__EXERCISE GOAL__
Repeat the records exactly, with one exception: no images.

__EXTRACTED MATERIAL__
== == ==
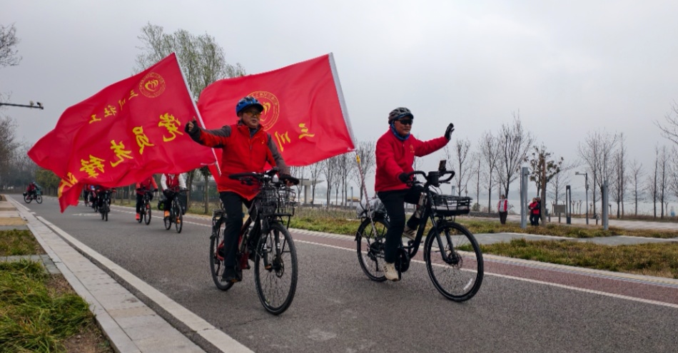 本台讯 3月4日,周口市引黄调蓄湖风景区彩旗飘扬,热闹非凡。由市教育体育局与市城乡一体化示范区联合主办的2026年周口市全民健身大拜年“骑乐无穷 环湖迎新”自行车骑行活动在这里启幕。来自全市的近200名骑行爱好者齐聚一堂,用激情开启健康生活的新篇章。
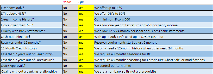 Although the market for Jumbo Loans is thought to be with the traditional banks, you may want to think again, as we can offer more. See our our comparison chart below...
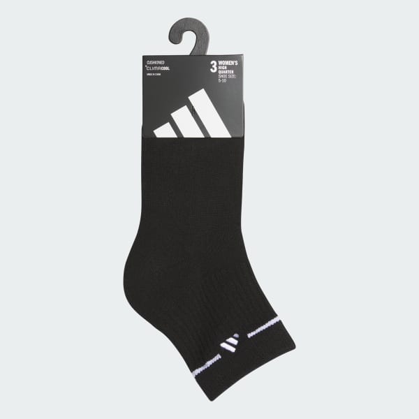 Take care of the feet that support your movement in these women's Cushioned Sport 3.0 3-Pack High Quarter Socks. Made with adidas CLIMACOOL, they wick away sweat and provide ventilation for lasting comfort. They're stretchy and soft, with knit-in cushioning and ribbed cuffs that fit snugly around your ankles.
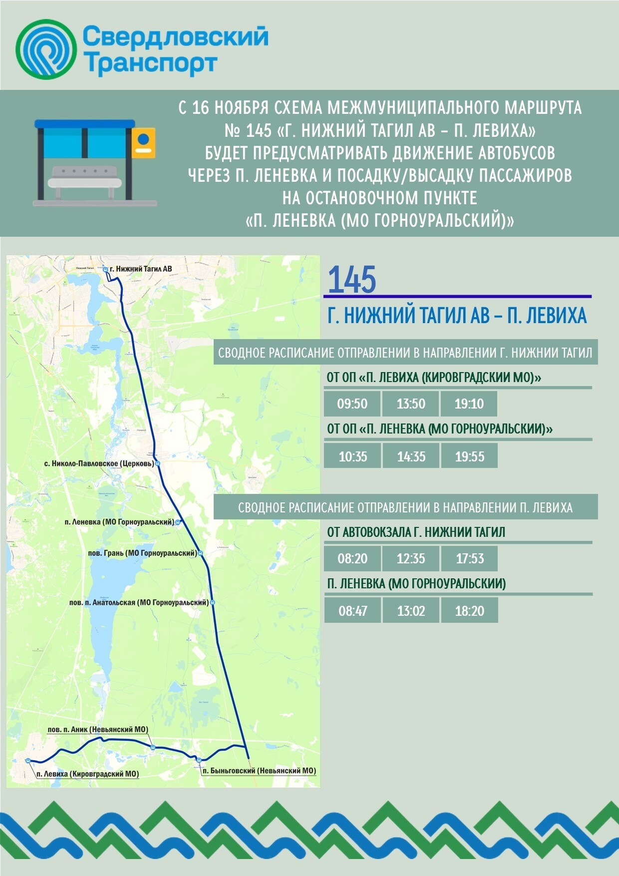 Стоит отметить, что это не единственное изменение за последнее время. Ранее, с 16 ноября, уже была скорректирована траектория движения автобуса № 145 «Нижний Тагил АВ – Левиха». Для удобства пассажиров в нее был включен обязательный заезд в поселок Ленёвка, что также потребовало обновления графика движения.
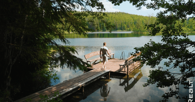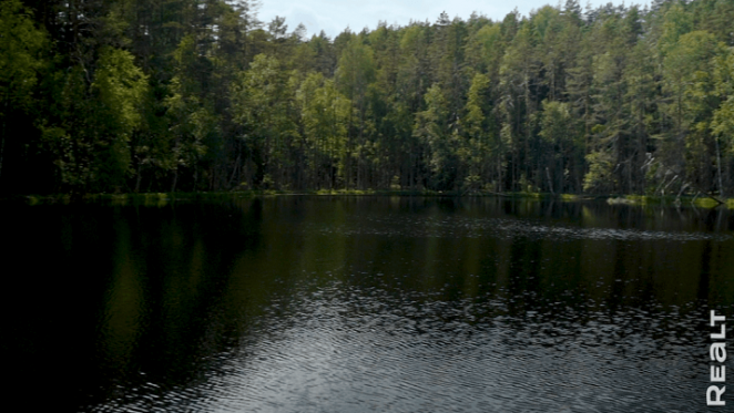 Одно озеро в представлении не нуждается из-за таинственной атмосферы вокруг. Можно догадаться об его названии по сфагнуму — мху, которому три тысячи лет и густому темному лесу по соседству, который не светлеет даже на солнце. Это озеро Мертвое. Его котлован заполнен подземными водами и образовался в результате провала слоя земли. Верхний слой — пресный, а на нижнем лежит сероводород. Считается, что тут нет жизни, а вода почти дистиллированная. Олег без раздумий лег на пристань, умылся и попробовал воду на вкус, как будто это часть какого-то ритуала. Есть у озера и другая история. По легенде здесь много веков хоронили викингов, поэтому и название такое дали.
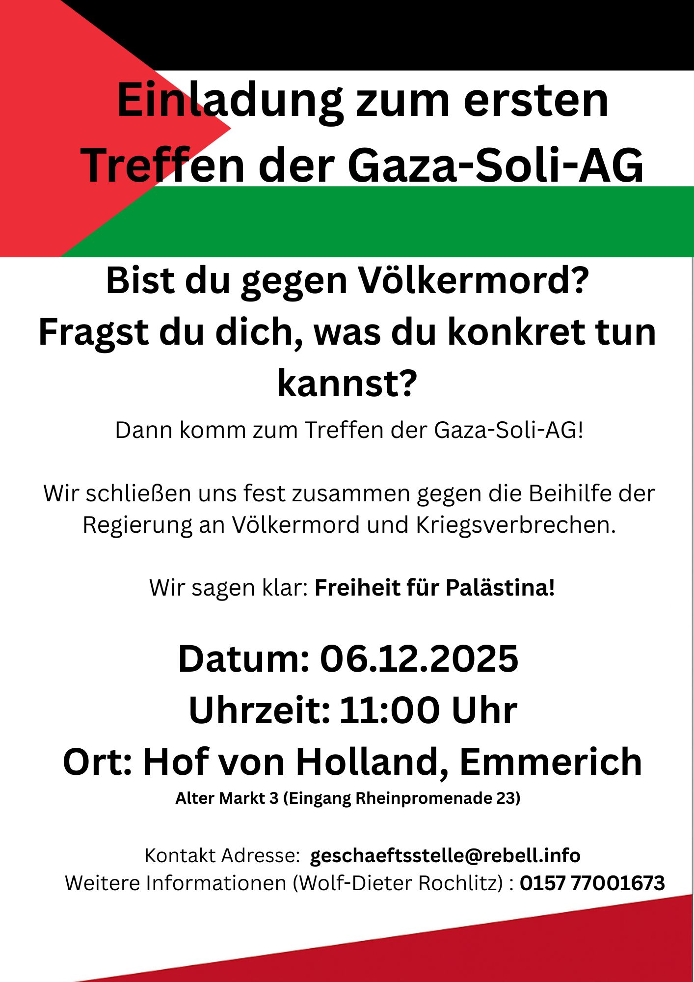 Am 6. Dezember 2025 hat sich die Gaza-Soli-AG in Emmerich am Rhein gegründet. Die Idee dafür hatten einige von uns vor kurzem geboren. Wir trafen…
== == ==
__ANSWER AREA__
 本台讯 3月4日,周口市引黄调蓄湖风景区彩旗飘扬,热闹非凡。由市教育体育局与市城乡一体化示范区联合主办的2026年周口市全民健身大拜年“骑乐无穷 环湖迎新”自行车骑行活动在这里启幕。来自全市的近200名骑行爱好者齐聚一堂,用激情开启健康生活的新篇章。
 Although the market for Jumbo Loans is thought to be with the traditional banks, you may want to think again, as we can offer more. See our our comparison chart below...
 Take care of the feet that support your movement in these women's Cushioned Sport 3.0 3-Pack High Quarter Socks. Made with adidas CLIMACOOL, they wick away sweat and provide ventilation for lasting comfort. They're stretchy and soft, with knit-in cushioning and ribbed cuffs that fit snugly around your ankles.
 Стоит отметить, что это не единственное изменение за последнее время. Ранее, с 16 ноября, уже была скорректирована траектория движения автобуса № 145 «Нижний Тагил АВ – Левиха». Для удобства пассажиров в нее был включен обязательный заезд в поселок Ленёвка, что также потребовало обновления графика движения.
 Одно озеро в представлении не нуждается из-за таинственной атмосферы вокруг. Можно догадаться об его названии по сфагнуму — мху, которому три тысячи лет и густому темному лесу по соседству, который не светлеет даже на солнце. Это озеро Мертвое. Его котлован заполнен подземными водами и образовался в результате провала слоя земли. Верхний слой — пресный, а на нижнем лежит сероводород. Считается, что тут нет жизни, а вода почти дистиллированная. Олег без раздумий лег на пристань, умылся и попробовал воду на вкус, как будто это часть какого-то ритуала. Есть у озера и другая история. По легенде здесь много веков хоронили викингов, поэтому и название такое дали.
 Am 6. Dezember 2025 hat sich die Gaza-Soli-AG in Emmerich am Rhein gegründet. Die Idee dafür hatten einige von uns vor kurzem geboren. Wir trafen…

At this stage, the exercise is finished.